= 2013 $45-million ATM looting =

In December 2012 and February 2013, a cyber-ring of criminals, operating in more than 24 countries, stole $45 million from thousands of automated teller machines (ATMs) in an ATM looting. Roughly $5 million was stolen around the world on December 21, 2012. Success led to expansion of the crime, when an additional $40 million was stolen on February 19, 2013.

The thefts included $2.4 million withdrawn from almost three thousand ATMs in New York City in a matter of hours during the February 2013 theft.
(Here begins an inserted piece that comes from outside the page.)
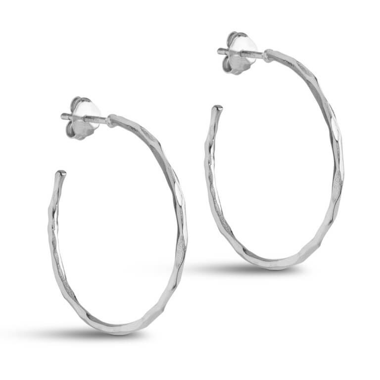 Organic Arena Medium hoops i 925 sterlingsølv kombinerer enkelhed med rå elegance og fås i tre forskellige størrelser. Den hamrede sølvoverflade skaber et organisk og livligt lysspil, der indfanger lyset på en subtil og sofistikeret måde. Trods deres slående udtryk er de utroligt lette. Deres tidløse design gør dem ideelle som basisøreringe, der kan bæres igen og igen. Perfekte til at skabe et personligt look, uanset om du vælger én størrelse eller leger med flere sammen. Organic Arena Medium fås også belagt med 18 karat guld.

Eight suspects were charged in May 2013 for the New York portion of the thefts - though one of the eight had already been found dead in the Dominican Republic, the previous month.

The thefts were reported to be based on a sophisticated computer hacking procedure, whereby prepaid debit card information was stolen from the computers of financial institutions. The cards were then adjusted to have unlimited balances, so that gangs of criminals across the world could use the cards to withdraw the maximum amount the ATMs would allow in their target region. By using prepaid debit cards rather than customer bank cards or customer credit cards, the criminals were able to avoid the alarms or suspension-of-activity that might happen with these other types of cards. The resulting $45 million theft was from the accounts of financial institutions themselves, rather than customer accounts.